DATASET CONTENT -

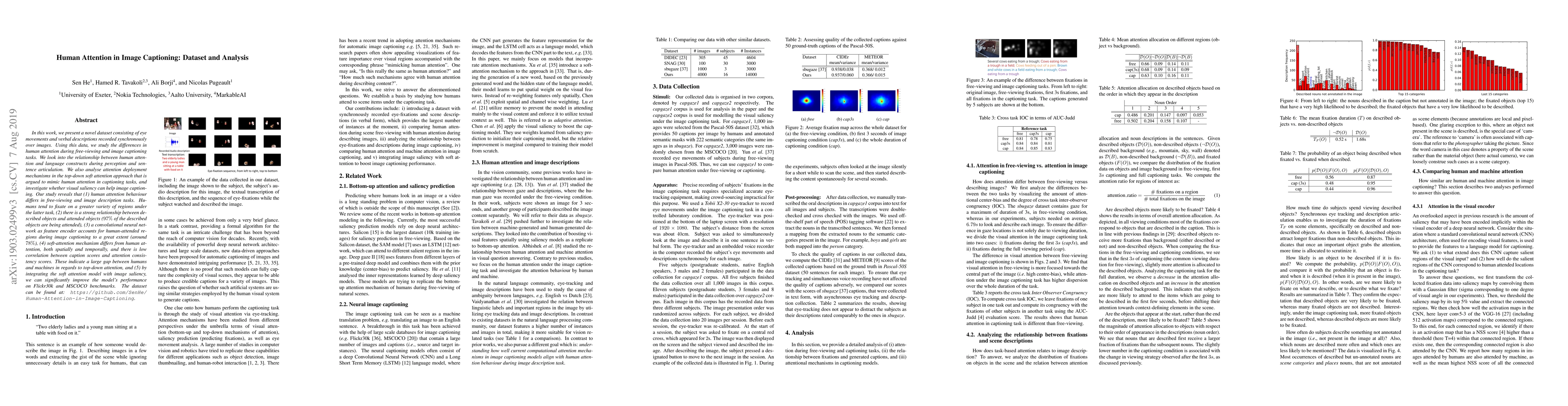 This paper introduces a dataset capturing eye movements and verbal descriptions during image captioning, revealing differences in human attention between free-viewing and captioning tasks. The study finds that humans attend more broadly when captioning, with a strong link between described objects and attended regions, while machine attention models lag behind human attention and integrating saliency improves model performance.
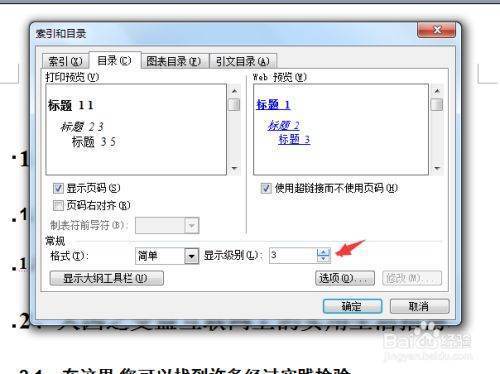 就粉就业会弹出一个索引和目录的的设置框中,把线级别改为3,在格式改为简单的选项,设置完成之后,就可以进行弦未合督言蛋喜守怎点击“确定“即可。
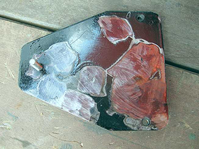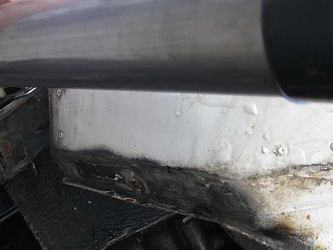 | Darunter zeigte sich, dass die Vorbesitzer die Rostlöcher großflächig mit Epoxyharz überdeckt hatten. | ![]() |
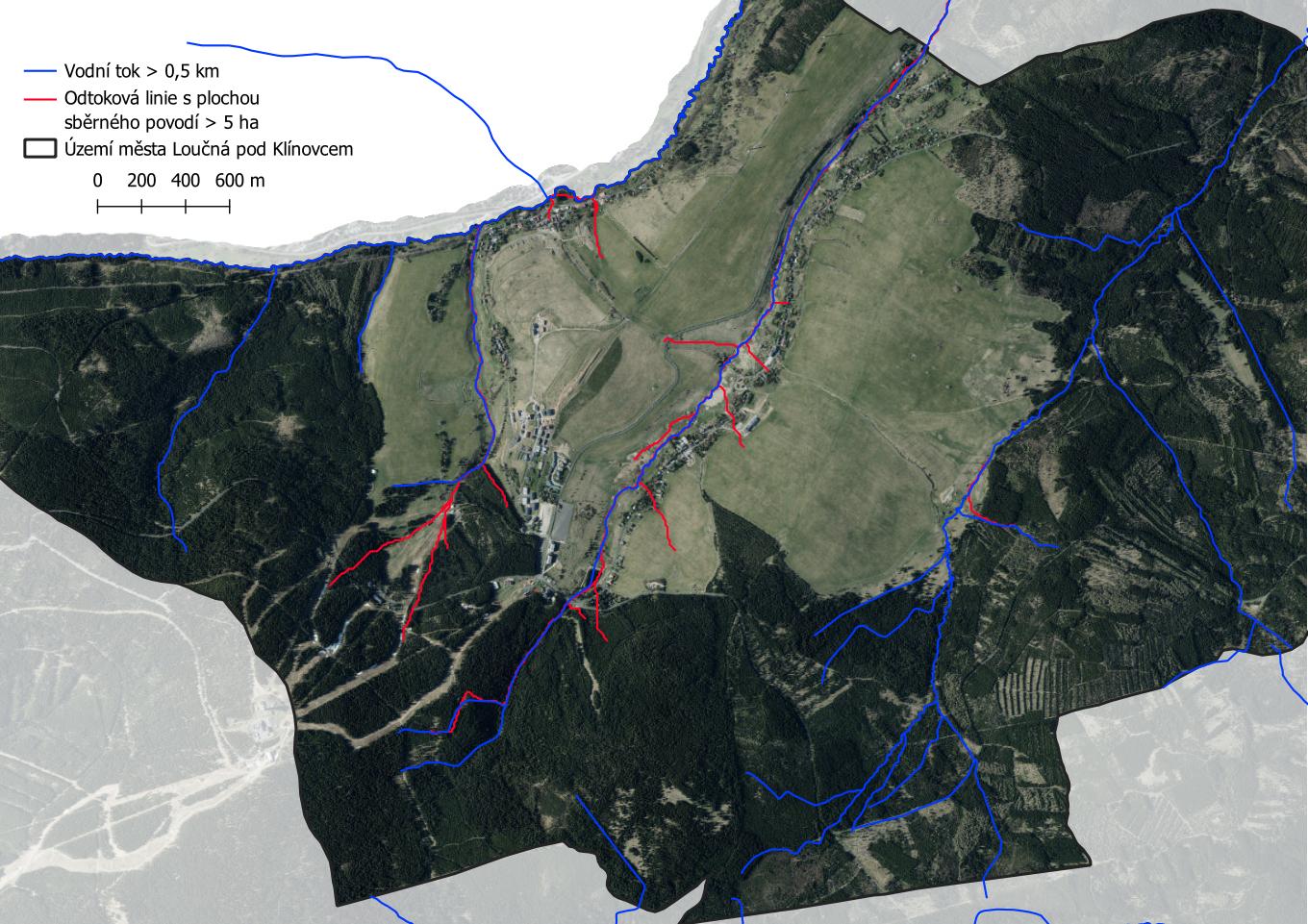 V rámci projektu "Strategie ochrany před negativními dopady povodní a erozními jevy přírodě blízkými opatřeními v České republice" byla vytvořena mapová kompozice odtokové poměry, z níž je čerpáno v následujícím grafickém výstupu. Jedná se o identifikaci odtokových linií (dráhy přímého povrchového odtoku) s přispívající plochou povodí větší než 5 ha. Tyto odtokové linie mohou dát za vznik soustředěnému povrchovému odtoku, který může způsobit škody na území města Loučná pod Klínovcem. Odtokové linie nezohledňují aktuální využití pozemků ani jiné skutečnosti, které mají vliv na přerušení soustředěného povrchového odtoku.

THE PROBLEM - The line containing "就粉就业会弹出一个索引和目录" marks the start: set down exactly that line and every line after it through the last line of the data, without any pictures.

RESULT FOR THIS TASK -
 就粉就业会弹出一个索引和目录的的设置框中,把线级别改为3,在格式改为简单的选项,设置完成之后,就可以进行弦未合督言蛋喜守怎点击“确定“即可。
 | Darunter zeigte sich, dass die Vorbesitzer die Rostlöcher großflächig mit Epoxyharz überdeckt hatten. | ![]() |
 V rámci projektu "Strategie ochrany před negativními dopady povodní a erozními jevy přírodě blízkými opatřeními v České republice" byla vytvořena mapová kompozice odtokové poměry, z níž je čerpáno v následujícím grafickém výstupu. Jedná se o identifikaci odtokových linií (dráhy přímého povrchového odtoku) s přispívající plochou povodí větší než 5 ha. Tyto odtokové linie mohou dát za vznik soustředěnému povrchovému odtoku, který může způsobit škody na území města Loučná pod Klínovcem. Odtokové linie nezohledňují aktuální využití pozemků ani jiné skutečnosti, které mají vliv na přerušení soustředěného povrchového odtoku.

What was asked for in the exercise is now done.